The Importance of Chemical Equilibrium in Controlling Chemical Weathering Rates: Insights from Reactive Transport Modeling of Soil Chronosequences


MAHER, Kate, Department of Geological Sciences, Stanford University, 450 Serra Mall, Building 320, Stanford, CA 94305, STEEFEL, Carl I., Earth Sciences Division, Lawrence Berkeley National Laboratory, 1 Cyclotron Road, Berkeley, CA 94720, WHITE, Art, U. S. Geological Survey, 345 Middlefield Rd, MS 420, Menlo Park, CA 94025 and STONESTROM, David, US Geological Survey, 345 Middlefield Rd, Menlo Park, CA 94025, kmaher@stanford.edu

Reactive transport model simulations of soil profile development can be used to uniquely constrain the rates of soil production, the weathering rates of individual minerals and to explore the correlation between different factors of soil formation when appropriate constraints exist. A multi-component reactive transport model (CrunchFlow) was used to interpret soil profile development and mineral precipitation and dissolution rates at the 226 ka marine terrace chronosequence near Santa Cruz, CA. Aqueous compositions, fluid chemistry, transport, and mineral abundances are well characterized and were used to constrain the reaction rates for the weathering and precipitating minerals in the reactive transport modeling. Model results suggest that the argillic horizon at Santa Cruz can be explained almost entirely by weathering of primary minerals and in situ clay precipitation accompanied by undersaturation of kaolinite at the top of the profile, with no substantial illuviation or translocation of clays. In addition, primary mineral weathering rates constrained by the model are consistent with laboratory values when kinetic rate laws with a non-linear dependence on thermodynamic equilibrium are considered. Overall, our results suggest that the proximity to thermodynamic equilibrium of the reacting phases is extremely important for understanding how soils develop temporally, and in relation to other factors of soil formation.

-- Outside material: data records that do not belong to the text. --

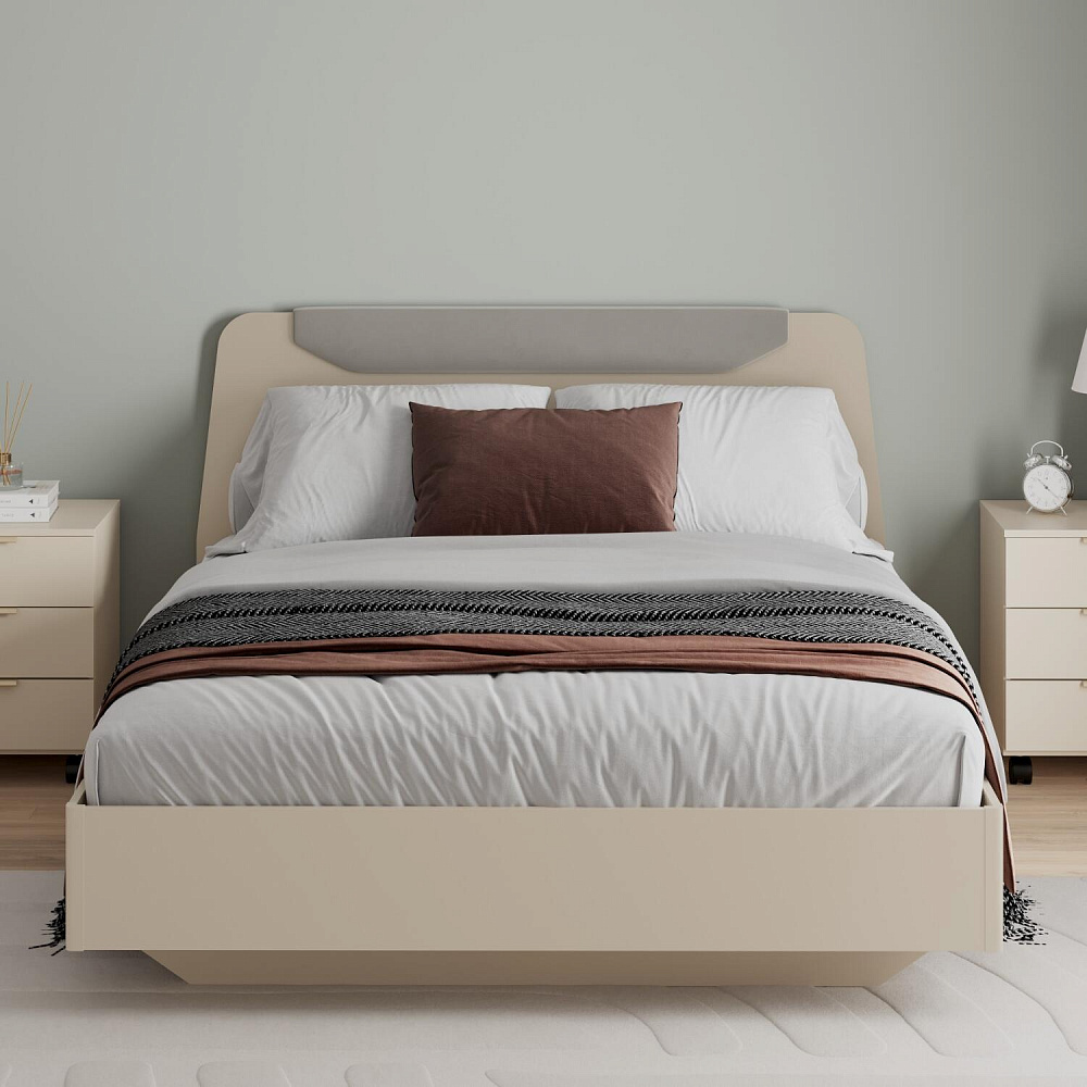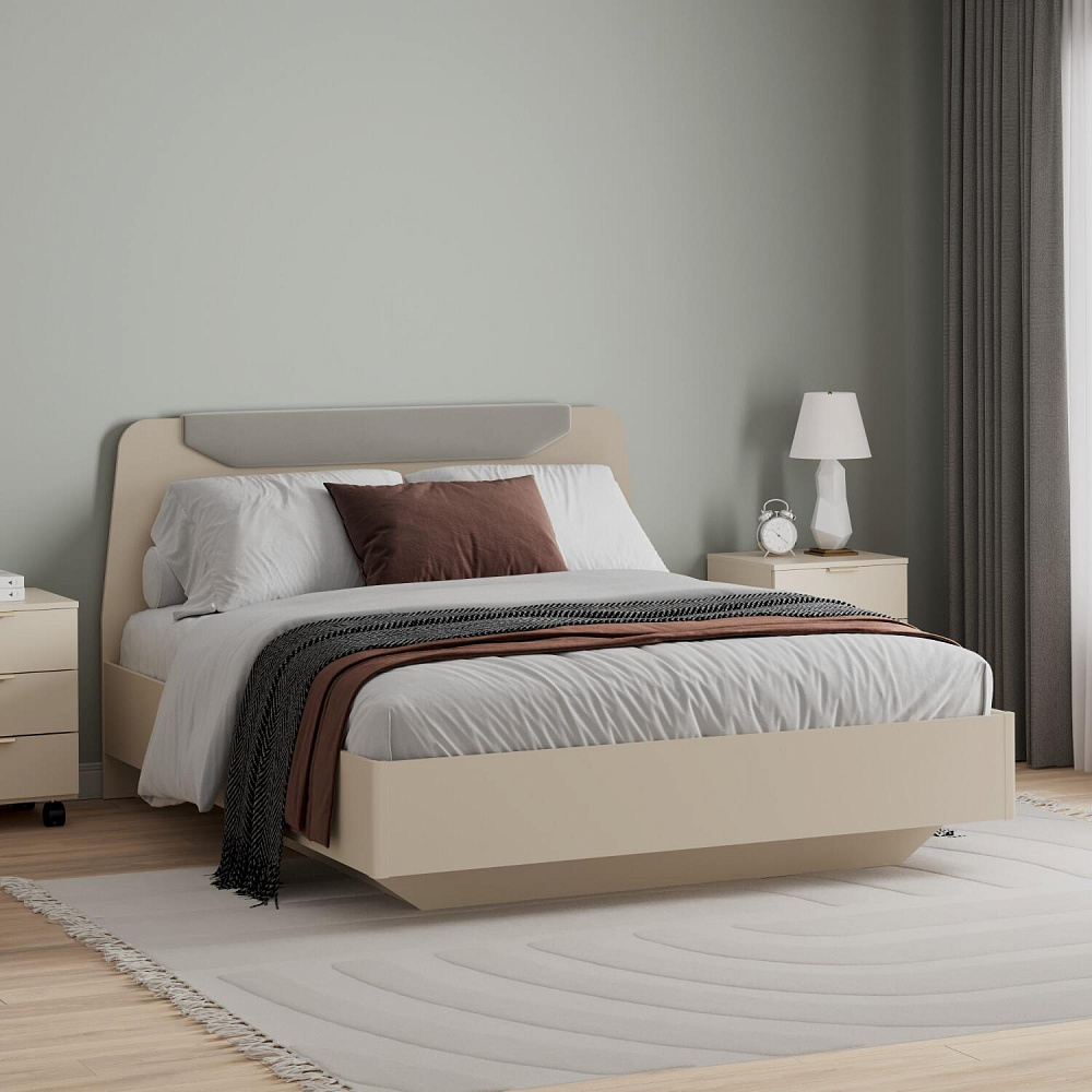 Кровать «Люксор» смотрится целостно и лаконично в пастельном цвете сатин. Изголовье украшено мягкой накладкой в обивке из серого велюра. Основание необычной формы создает эффект легкости и парения в воздухе. Надежное основание и правильно подобранный матрас обеспечит оптимальный уровень комфорта во время отдыха.
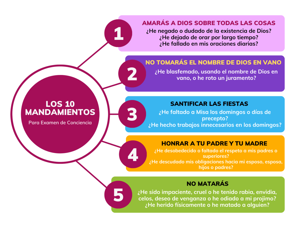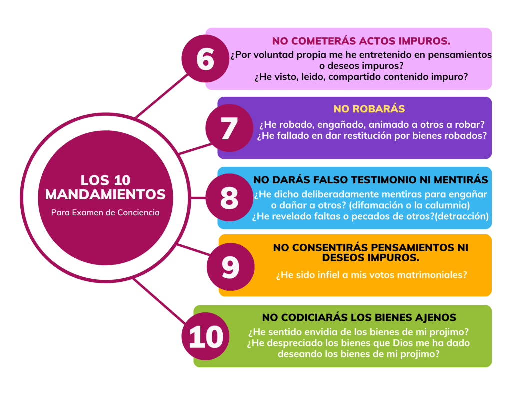 Revisa en las siguientes imágenes, los 10 mandamientos y reflexiona en las preguntas que tiene cada uno para ayudarte a hacer tu examen de conciencia.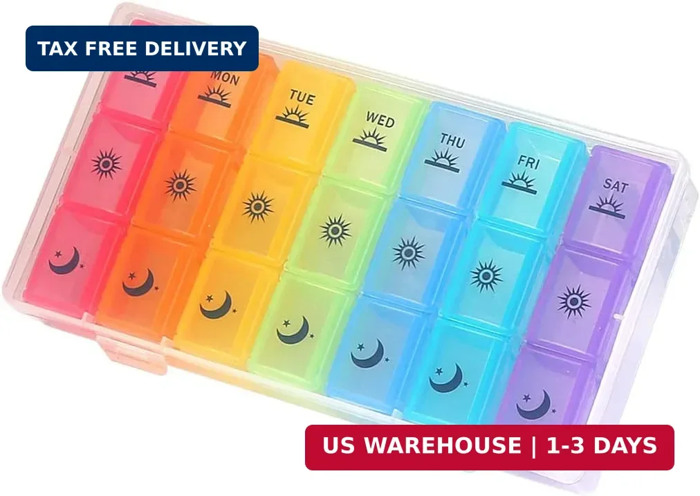 Weekly Pill Organizer,3-Times-A-Day 7 Day Pill Box Large Compartments Moisture-P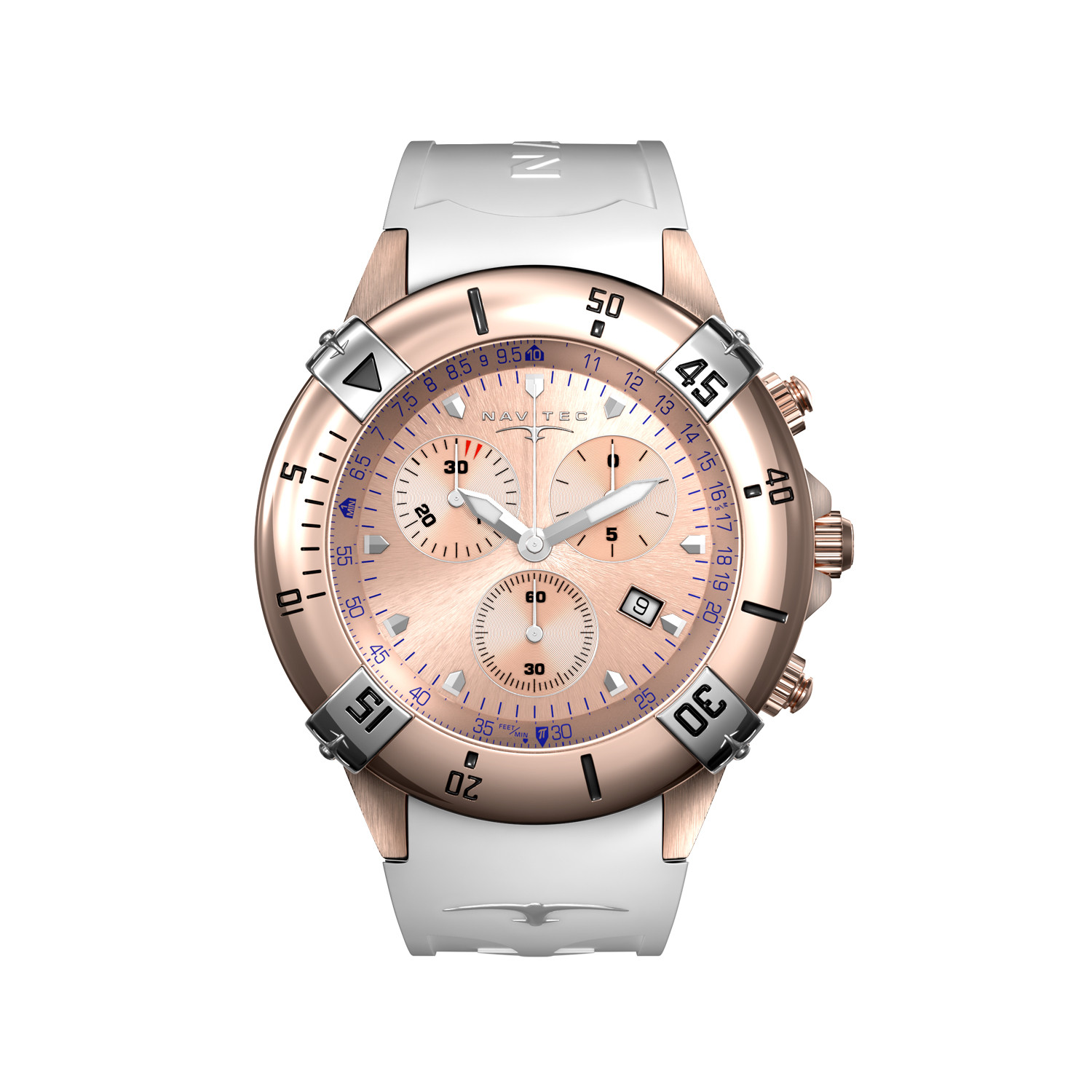 The Tango Charlie is a prime example of Navitec's legecy as the only Swiss-made chronographs equipped with interchangeable bezel systems engineered specifically for navigation. In addition to its luxury outfitting, it boasts a multitude of unique functions. This mini aviation wonder can also convert measurements, calculate speed, quick correct the date, and more. It's the ultimate timepiece for the navigation and function-obsessed.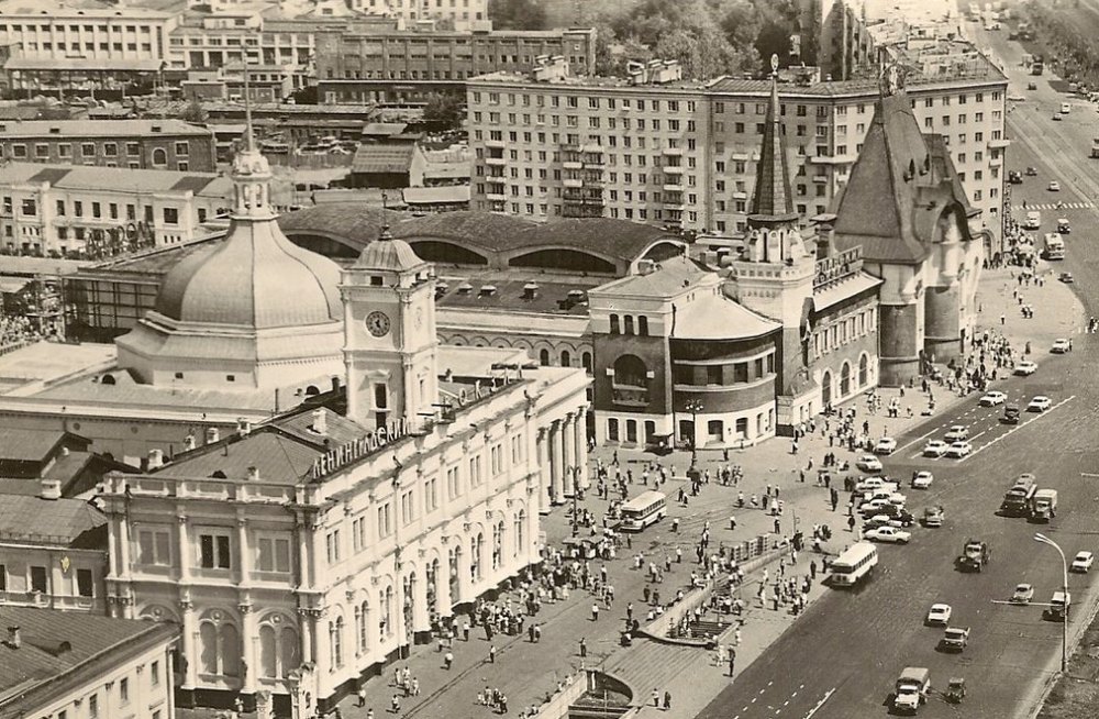 Казанский вокзал (бывший Рязанский) на Комсомольской площади появился в 1862 году. Это была довольно простое деревянное здание, которое уже в 1864 году заменили на каменное — тесное и скромное по архитектуре. Единственным украшением служила небольшая башня с часами.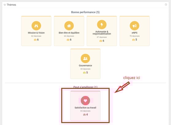 Cela dit, les sondages éclair sont un excellent outil de diagnostic. En d'autres termes, ils vous indiquent exactement les points faibles de l'expérience employé. Cependant, l'outil n'offre pas de solution ou de moyen de progresser - autrement dit, comment améliorer un thème spécifique.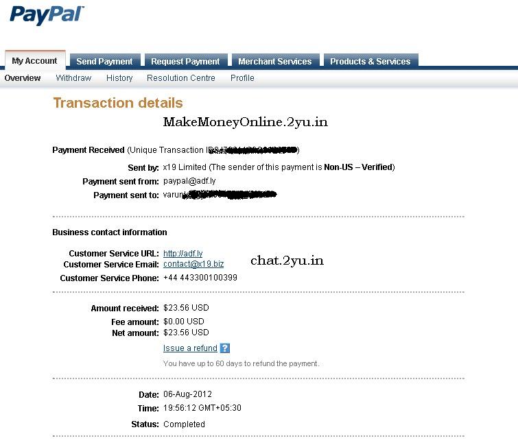 $23.56 payment from adfly – Payment proof – on 06 August 2012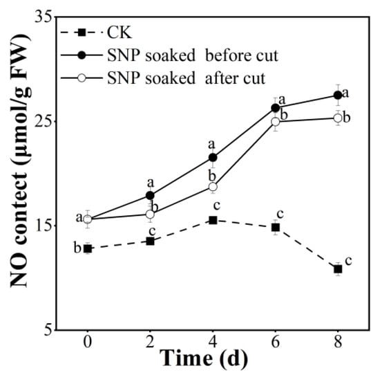 NO is a considerable donor, which is beneficial to maintain fruit storage quality. In this study, the NO content in potatoes treated with or without SNP increased from day zero to the fourth day, after which the potatoes in the SNP group displayed a continuous rise, while those in the control group showed an unfortunate decrease. It is clearly displayed in Figure 7 that the NO content in SNP groups was higher than that in the control group. Among the SNP groups, treatment before cutting produced results that were significantly superior to those of the other groups (p < 0.05). These NO data indicated that SNP enhanced the NO content, and SNP treatment before cutting was better. Similarly, treating blueberries with 0.1 mmol/L SNP for 10 min can boost the NO content to 3–5 μmol/g [], which is consistent with our current study viewpoint.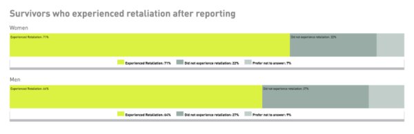 Why not? Possibly because they expected nothing good to come out of an investigation. Two-thirds of the men and almost three-quarters of the women who did report a sexual assault said they were retaliated against because of it: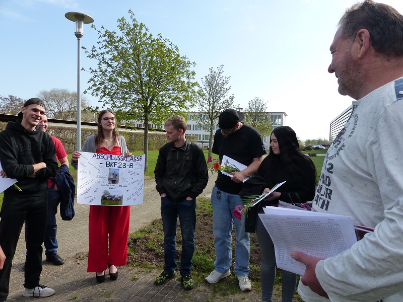 „Sie waren der geschillteste Lehrer!“, Übergabe eines Plakats an Volker Keck, Klassenlehrer der Berufskraftfahrer.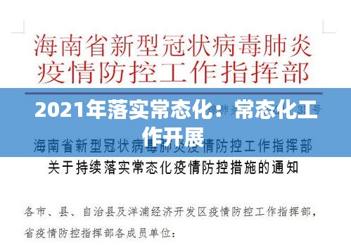 2021年,全球正面临着新冠疫情的严峻挑战,各国政府和社会各界都在积极应对这一前所未有的公共卫生危机。在这样的背景下,落实常态化成为了一种必要的选择。常态化意味着将疫情防控措施融入日常生活的方方面面,形成一种新的生活方式和社会秩序,以适应长期与病毒共存的新常态。

Our model simulations, combined with data from other chronosequence studies where hydrologic data exists, suggests that the processes that control the departure from thermodynamic equilibrium, such as fluid flow or fluid residence time, secondary mineral precipitation, and microbially- supported reactions predominantly control the rate at which the weathering reactions proceed, and therefore rate of soil development. The extent to which these factors are affected by climatic and tectonic processes will determine the overall chemical weathering rate for a given system.